The rupee experienced a 0.63% decline, hitting a new all-time low of Rs299 against the dollar in the interbank market on Tuesday, as per data from the State Bank of Pakistan.
This marked the third consecutive session of losses for the currency. However, industry insiders indicated that the dollar was trading above the official rate. Previously, on May 11, the rupee had touched its record low of 298.93, shortly after the arrest of former Prime Minister Imran Khan.
Afterward, the local currency strengthened to around Rs275.44 on July 4, following the previous government’s success in securing a short-term $3 billion loan agreement with the International Monetary Fund.
Nevertheless, it has been on a downward trajectory since then, coming close to breaching the Rs300 mark on Tuesday. When asked about the rapid increase in the dollar’s value, currency traders in the interbank market attributed it to a significant imbalance between the demand for and supply of dollars.
Atif Ahmed, an interbank currency dealer, noted that apart from import pressures, the backlog of containers awaiting clearance had intensified the demand.
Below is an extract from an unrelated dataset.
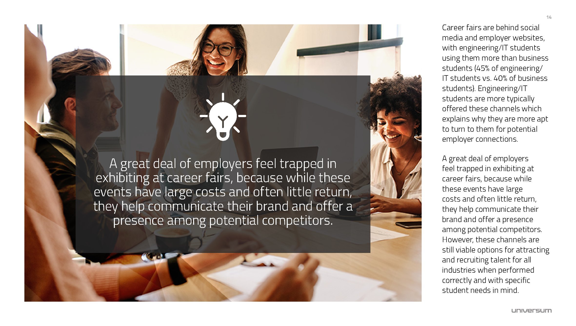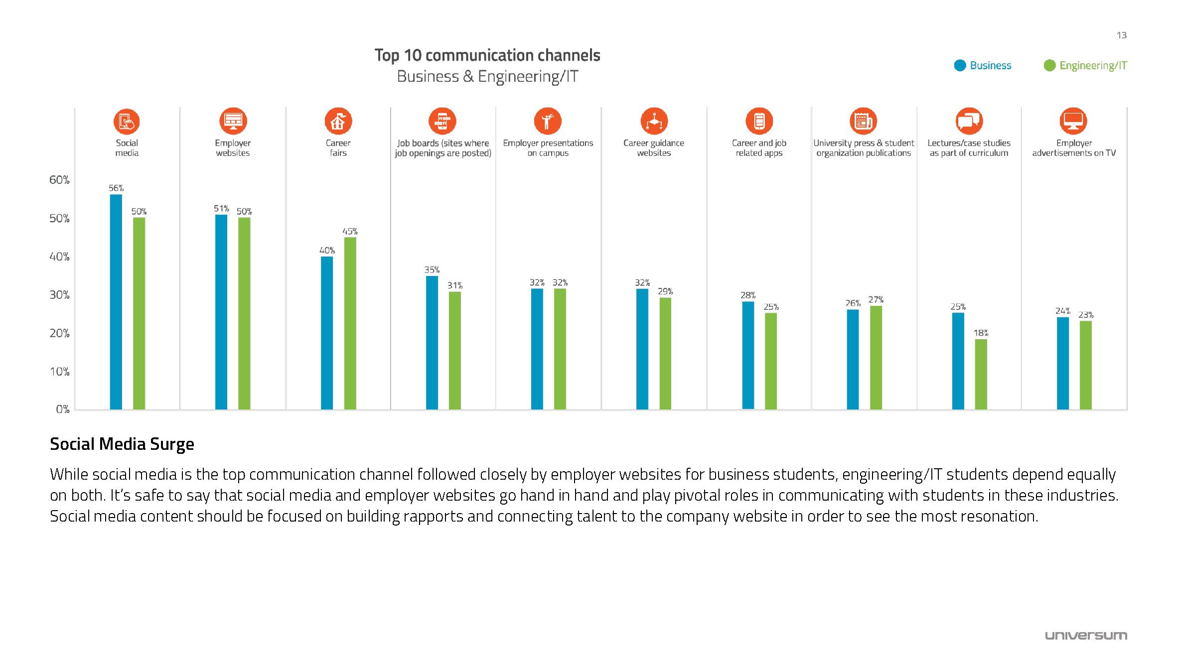 社交媒体仍然是商科和工程/IT专业的学生们和潜在雇主交流的主要渠道(56%,50%),企业网站(51%,50%)紧随其后,其次是招聘会(40%,45%,)、招工栏(35%,31%)和企业校园宣讲会(32%,32%)。

He explained that certain banks were capitalizing on this by offering dollars to importers.
Importers grappling with backlogs of 50 to 100 containers were reportedly paying up to Rs500,000 per container to banks in order to access dollars and release their shipments. Banking professionals estimated that addressing the backlog could require up to $5 billion, which would subsequently be reflected in the import bill over the upcoming months. July’s import bill was $4.219 billion, compared to June’s $3.177 billion, indicating a significant increase of $1.042 billion.
However, bankers highlighted that arranging opening letters of credit (LCs) remained problematic for importers, as banks were responsible for securing dollars prior to issuing these letters. Under the Standby Arrangement with the IMF, the government is obligated to permit unrestricted imports.
In the previous fiscal year (2022-23), the preceding administration curtailed imports, resulting in savings of up to $22 billion and contributing to the reduction of the current account deficit from $17.5 billion to $2.5 billion compared to the previous year.
Despite this achievement, the decrease in imports led to a sluggish economic growth rate of 0.29% in fiscal year 2023, in contrast to the 6% growth in the prior fiscal year. A senior banker noted that the demand for dollars was rapidly outpacing the supply, making it practically unfeasible for all banks to facilitate LCs for imports.
Additionally, remittance inflows and export earnings reportedly declined in July, and the State Bank was reluctant to draw from its reserves due to debt servicing obligations. Pakistan was anticipated to require $25 billion for debt servicing in the ongoing fiscal year.
Zafar Paracha, the General Secretary of the Exchange Companies Association of Pakistan (ECAP), highlighted that the State Bank was employing a cautious approach to protect the economy from external pressures, which was impacting its reserve management. He expressed optimism that once the backlog was cleared, the demand for dollars would decrease, leading to a stable exchange rate.
On Tuesday, ECAP reported the dollar rate at Rs306, signifying an overnight increase of Rs2. Reports indicated that numerous money changers, barring a few larger entities, were profiting from the grey market by selling dollars at rates significantly higher than those offered by exchange companies’ associations. Grey market rates were reported to be Rs15 to Rs18 per dollar higher than interbank rates and Rs8 to Rs10 higher than open market rates.
An official from a currency exchange firm acknowledged the practice of certain money changers benefiting from the grey market by selling dollars at inflated prices compared to the rates issued by exchange companies’ associations.